Госпожа Маккуорри предлагает сходить пообедать, и я соглашаюсь, хотя нервы у меня слишком взвинчены, чтобы думать о еде. Я начинаю доставать кошелек, когда мы делаем заказ, но она вызывается заплатить за меня. Поначалу я ощетиниваюсь — с тех пор как я в детстве начала донашивать за Кристиной платья, мне не хочется быть объектом чьей-то благотворительности, — но потом одергиваю себя. Что, если она ведет себя так со всеми клиентами, просто чтобы наладить отношения?
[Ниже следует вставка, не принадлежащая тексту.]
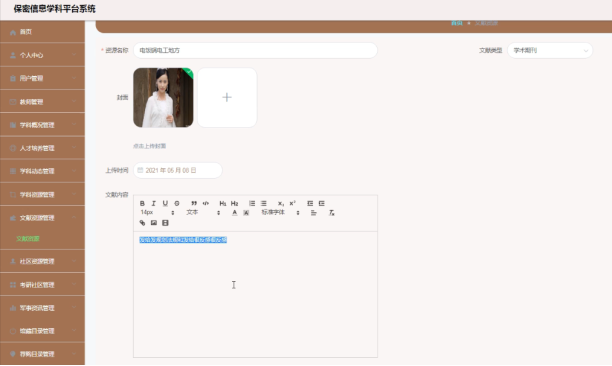 管理员可以对文献资源进行添加修改删除。界面如下图所示:
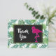 Un carte de remerciements de fête avec un motif feuille tropical vert et un cadre noir avec une bordure dorée superposée. Une illustration de flamand rose apporte une touche de fantaisie. Message sur le dos qui peut être personnalisé.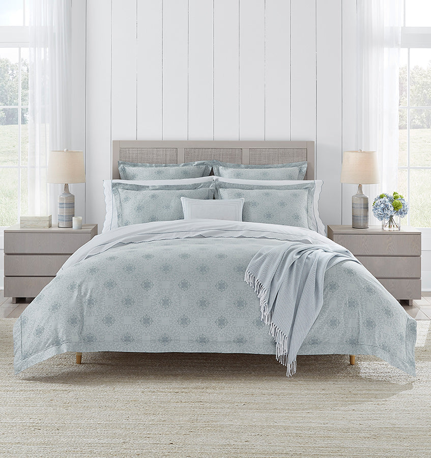Echoing the exquisite craftsmanship of crocheted lace, Marini is an elegant take on a traditional craft. Impeccably woven with fine, yarn-dyed threads in an all over lace pattern, Marini’s hydrangea tones create the perfect gem for spring. Features a punto ombra hem—a subtle relief along the flange that creates a clean, visual detail and a durable finish.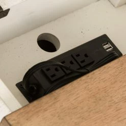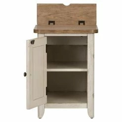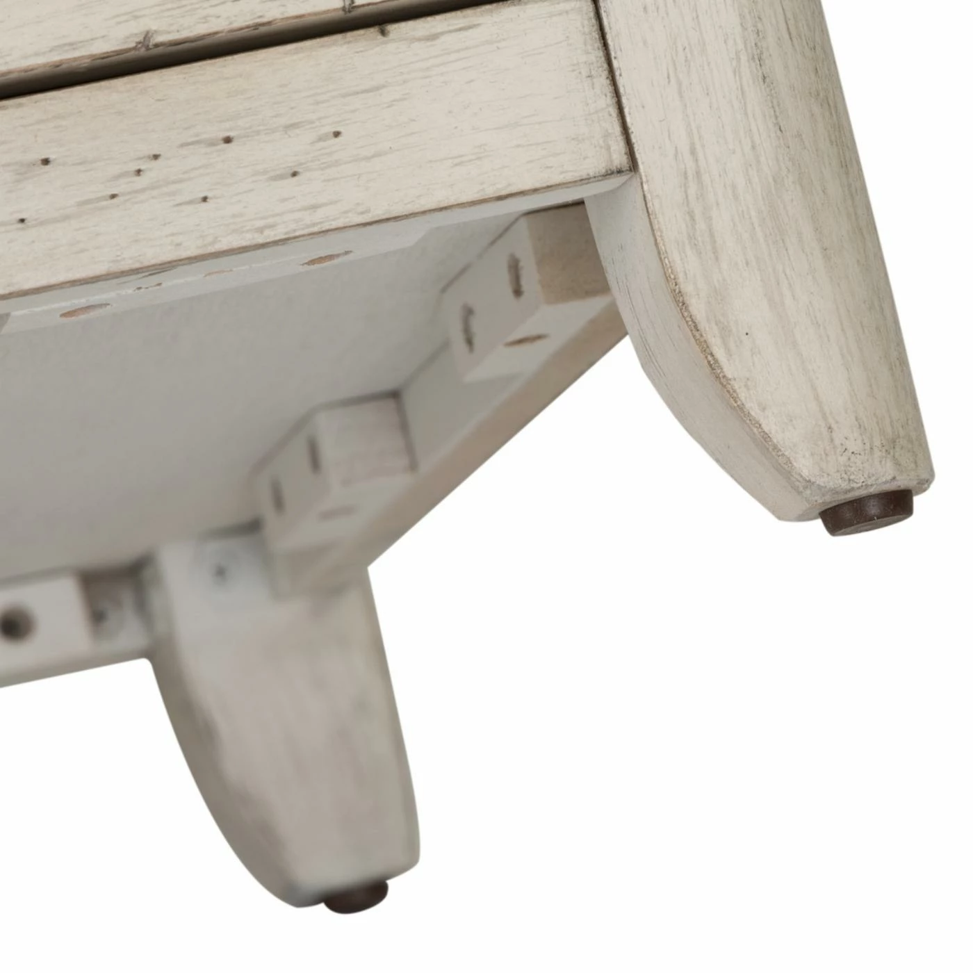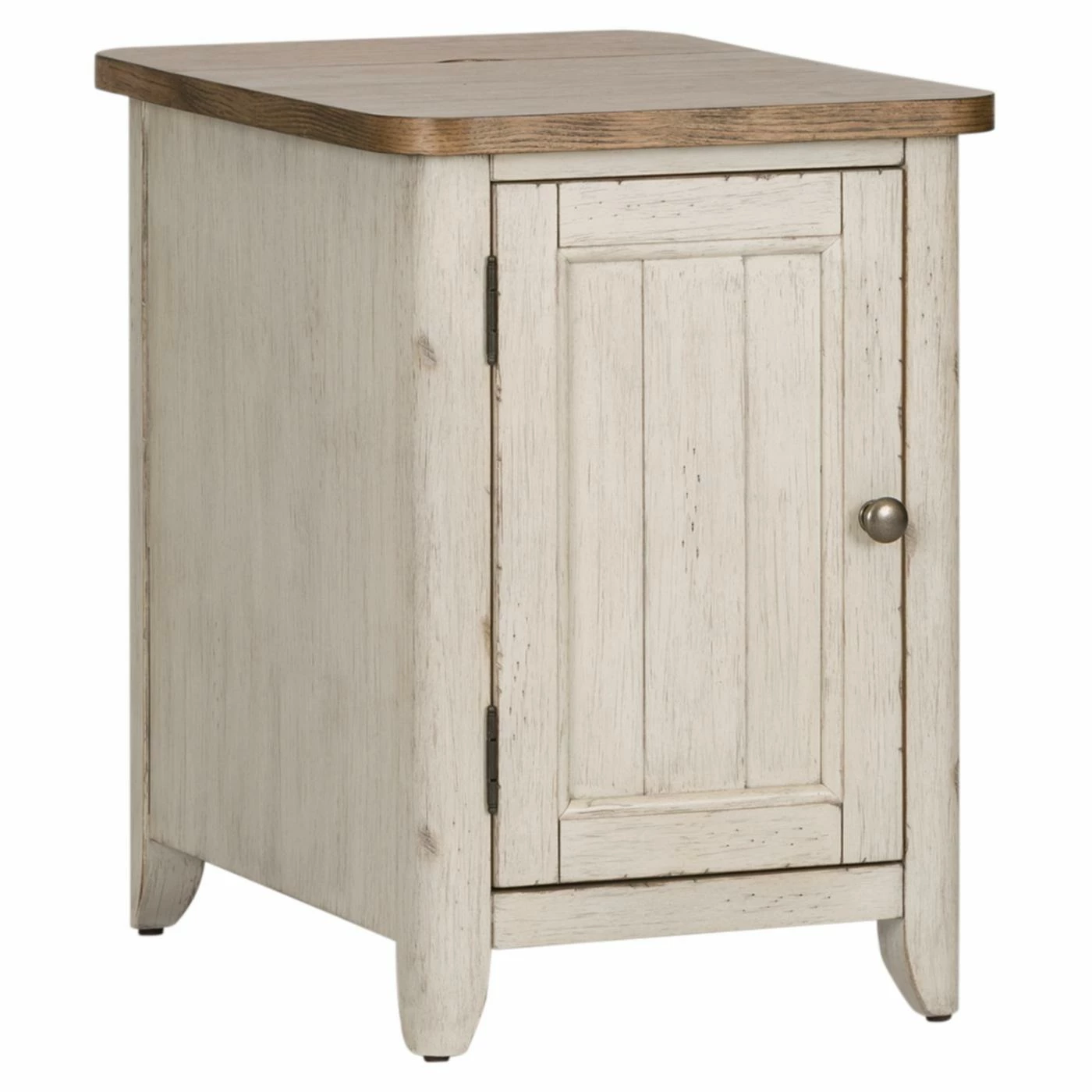 Modern versatility meets rustic farmhouse design with the Liberty Furniture Industries Farmhouse Reimagined Door Chair Side Table. Constructed from poplar and rubberwood solids, this beautifully crafted side table is adorned with weathered cottage white and chestnut finishes for an antique look. Its cabinet door is highlighted by a chamfered front and an aged brass knob. It opens to reveal spacious interior storage with built-in shelving. What’s more, the tabletop has a rear lid that hides a small compartment with an opening where wires can be run, allowing you to power electronic devices with the use of a power strip or USB hub.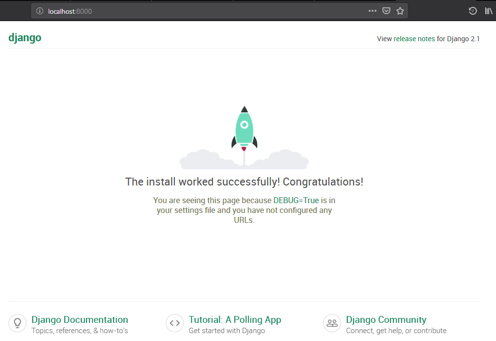 Selanjutnya buka browser dan jalankan localhost pada port 8000 (default django)Sampai di sini, kita telah berhasil menginstall django, langkah selanjutnya adalah akan kita bahas pada postingan berikutnya mengenai pembuatan skeleton proyek.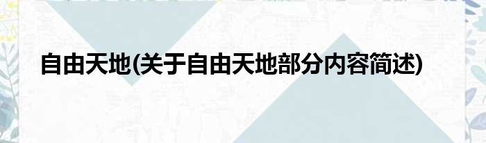 导读 大家好,今天小方来说说一篇关于自由天地,关于自由天地部分内容简述的文章,那么现在就为大家来简单介绍下,希望对各位小伙伴们有所帮助。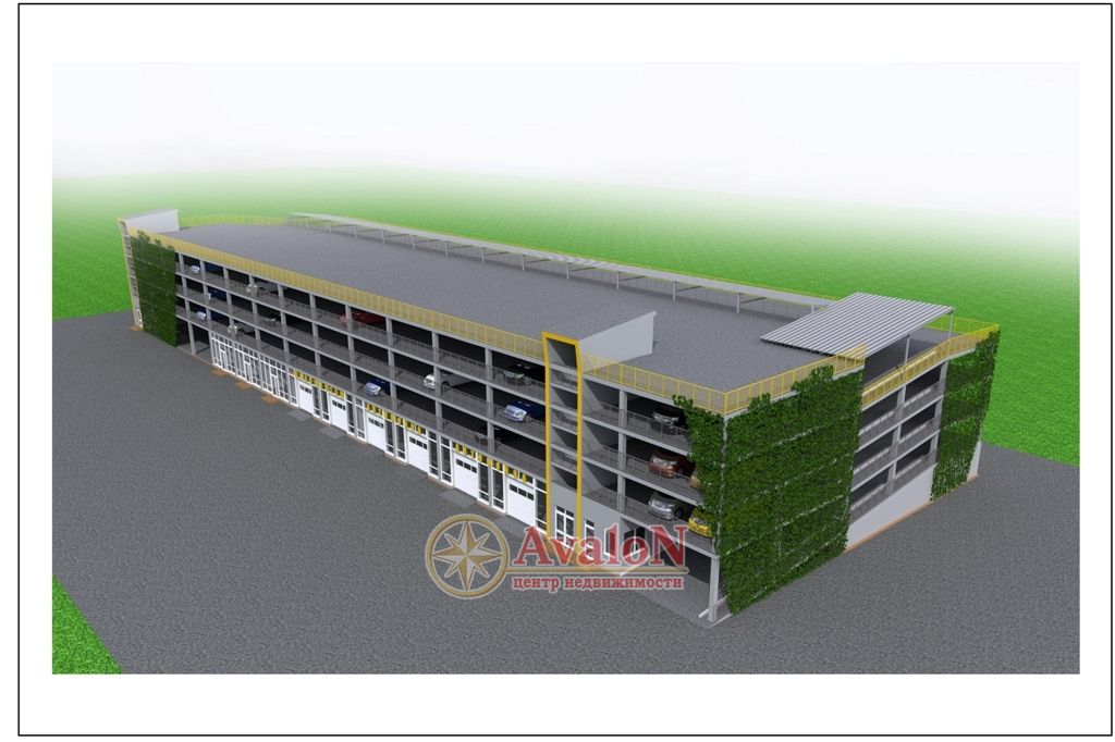 Наземный 4-х уровневый крытый паркинг на 300 машиномест. Расположен на пересечении улиц Сахарова /Высоцкого.

Что, если она пытается понравиться мне так же, как я хочу понравиться ей?
Когда мы с подносами садимся за столик, я по привычке произношу молитву. Я привыкла это делать, когда другие люди не молятся. Например, Корин, атеистка, постоянно шутит про Макаронного Монстра на небесах, когда слышит, как я молюсь, или видит мою склоненную над пакетом с обедом голову. Поэтому я ничуть не удивляюсь, когда, закончив, ловлю на себе изумленный взгляд госпожи Маккуорри.